> _Task input_

● ● ●

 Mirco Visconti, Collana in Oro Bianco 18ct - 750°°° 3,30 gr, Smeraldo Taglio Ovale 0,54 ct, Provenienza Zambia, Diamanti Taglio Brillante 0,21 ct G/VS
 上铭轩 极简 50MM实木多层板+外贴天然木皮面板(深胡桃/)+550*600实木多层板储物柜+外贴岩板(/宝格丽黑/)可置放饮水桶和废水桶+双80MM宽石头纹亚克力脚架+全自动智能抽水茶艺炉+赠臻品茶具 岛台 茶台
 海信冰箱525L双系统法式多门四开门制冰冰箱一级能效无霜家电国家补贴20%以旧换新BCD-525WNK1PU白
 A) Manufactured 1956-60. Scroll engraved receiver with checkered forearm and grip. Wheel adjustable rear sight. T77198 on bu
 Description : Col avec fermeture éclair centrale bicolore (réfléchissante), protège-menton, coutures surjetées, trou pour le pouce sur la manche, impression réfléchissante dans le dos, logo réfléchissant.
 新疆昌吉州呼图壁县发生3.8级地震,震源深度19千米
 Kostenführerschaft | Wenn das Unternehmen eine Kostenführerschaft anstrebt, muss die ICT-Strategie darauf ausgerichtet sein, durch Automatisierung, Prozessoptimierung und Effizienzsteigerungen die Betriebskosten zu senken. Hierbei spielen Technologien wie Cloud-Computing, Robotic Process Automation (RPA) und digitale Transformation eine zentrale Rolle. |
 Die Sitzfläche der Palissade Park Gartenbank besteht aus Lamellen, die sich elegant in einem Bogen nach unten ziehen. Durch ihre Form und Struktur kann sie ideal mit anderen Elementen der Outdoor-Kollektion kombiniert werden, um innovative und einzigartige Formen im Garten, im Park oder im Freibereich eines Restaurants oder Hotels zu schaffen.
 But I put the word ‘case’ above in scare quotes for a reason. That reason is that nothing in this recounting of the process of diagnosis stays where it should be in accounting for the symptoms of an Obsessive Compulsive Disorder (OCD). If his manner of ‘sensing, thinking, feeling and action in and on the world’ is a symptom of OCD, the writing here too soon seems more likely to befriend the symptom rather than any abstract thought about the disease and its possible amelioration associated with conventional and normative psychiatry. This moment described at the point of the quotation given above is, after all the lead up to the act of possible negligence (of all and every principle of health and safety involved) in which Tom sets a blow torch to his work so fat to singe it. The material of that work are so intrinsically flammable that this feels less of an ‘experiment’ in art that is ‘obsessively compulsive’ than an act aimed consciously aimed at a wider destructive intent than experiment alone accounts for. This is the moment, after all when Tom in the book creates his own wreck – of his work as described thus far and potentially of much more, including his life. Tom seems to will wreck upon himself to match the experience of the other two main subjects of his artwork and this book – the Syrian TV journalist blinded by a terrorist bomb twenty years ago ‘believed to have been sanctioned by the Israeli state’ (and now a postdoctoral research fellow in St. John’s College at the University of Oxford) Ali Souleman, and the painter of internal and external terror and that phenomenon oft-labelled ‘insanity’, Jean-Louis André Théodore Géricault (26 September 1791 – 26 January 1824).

● ● ●

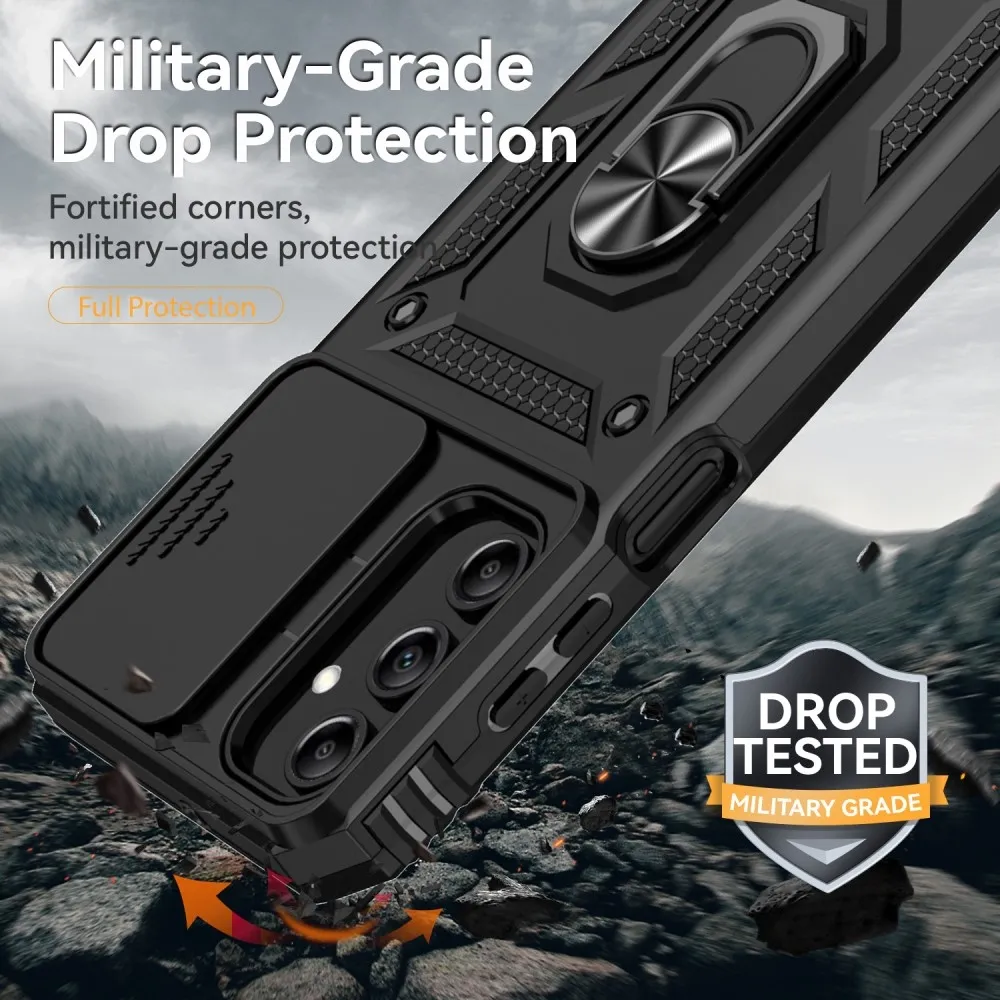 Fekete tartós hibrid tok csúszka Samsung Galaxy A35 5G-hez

● ● ●

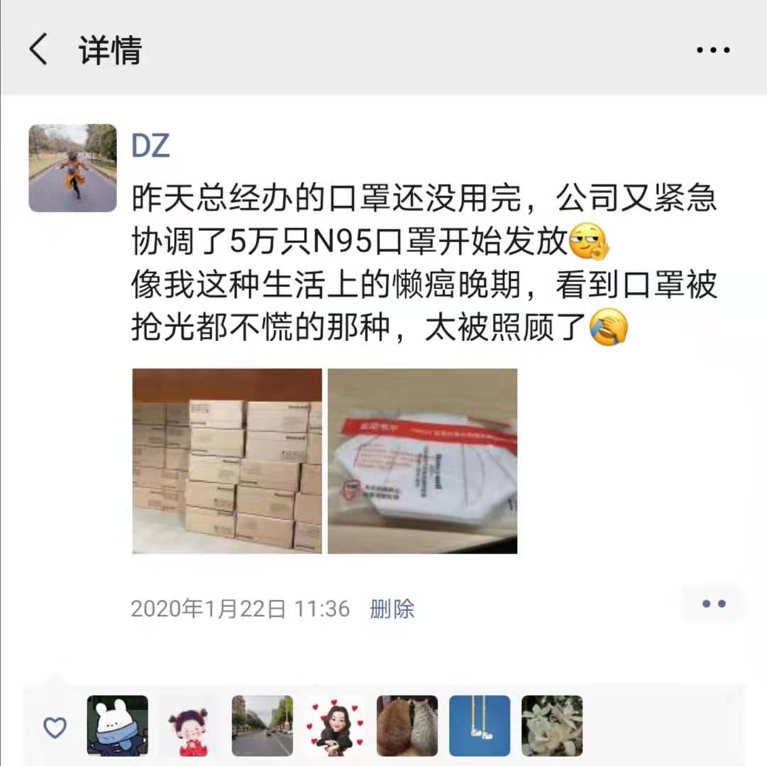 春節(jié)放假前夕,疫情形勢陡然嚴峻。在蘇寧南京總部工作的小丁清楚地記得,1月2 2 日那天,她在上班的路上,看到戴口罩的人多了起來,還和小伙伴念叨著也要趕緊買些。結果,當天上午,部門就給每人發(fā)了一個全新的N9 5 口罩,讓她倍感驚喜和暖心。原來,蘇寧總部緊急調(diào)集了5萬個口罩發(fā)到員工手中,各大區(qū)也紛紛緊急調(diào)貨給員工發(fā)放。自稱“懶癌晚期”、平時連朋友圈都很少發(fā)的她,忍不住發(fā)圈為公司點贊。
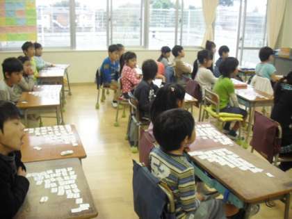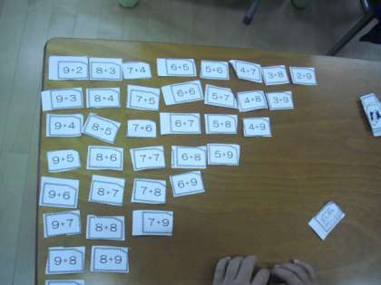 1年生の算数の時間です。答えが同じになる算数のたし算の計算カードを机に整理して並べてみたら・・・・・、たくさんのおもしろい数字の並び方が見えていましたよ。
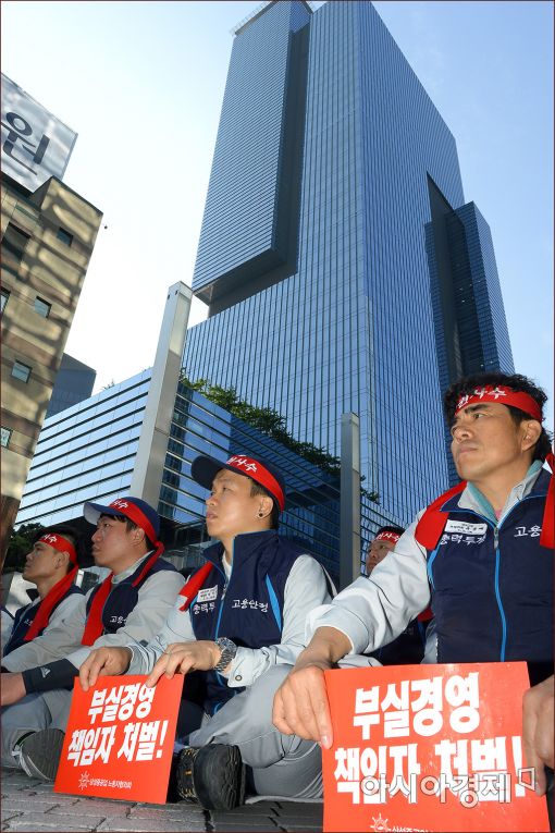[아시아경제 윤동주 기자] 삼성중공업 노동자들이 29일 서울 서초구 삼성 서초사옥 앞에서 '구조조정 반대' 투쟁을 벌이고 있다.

● ● ●

> _Assignment_
Out of the data above, transcribe exactly and only the lines starting with the line that has "Description : Col" and going on through the line that has "Die Sitzfläche der", both included.

> _Output for this task_
 Description : Col avec fermeture éclair centrale bicolore (réfléchissante), protège-menton, coutures surjetées, trou pour le pouce sur la manche, impression réfléchissante dans le dos, logo réfléchissant.
 新疆昌吉州呼图壁县发生3.8级地震,震源深度19千米
 Kostenführerschaft | Wenn das Unternehmen eine Kostenführerschaft anstrebt, muss die ICT-Strategie darauf ausgerichtet sein, durch Automatisierung, Prozessoptimierung und Effizienzsteigerungen die Betriebskosten zu senken. Hierbei spielen Technologien wie Cloud-Computing, Robotic Process Automation (RPA) und digitale Transformation eine zentrale Rolle. |
 Die Sitzfläche der Palissade Park Gartenbank besteht aus Lamellen, die sich elegant in einem Bogen nach unten ziehen. Durch ihre Form und Struktur kann sie ideal mit anderen Elementen der Outdoor-Kollektion kombiniert werden, um innovative und einzigartige Formen im Garten, im Park oder im Freibereich eines Restaurants oder Hotels zu schaffen.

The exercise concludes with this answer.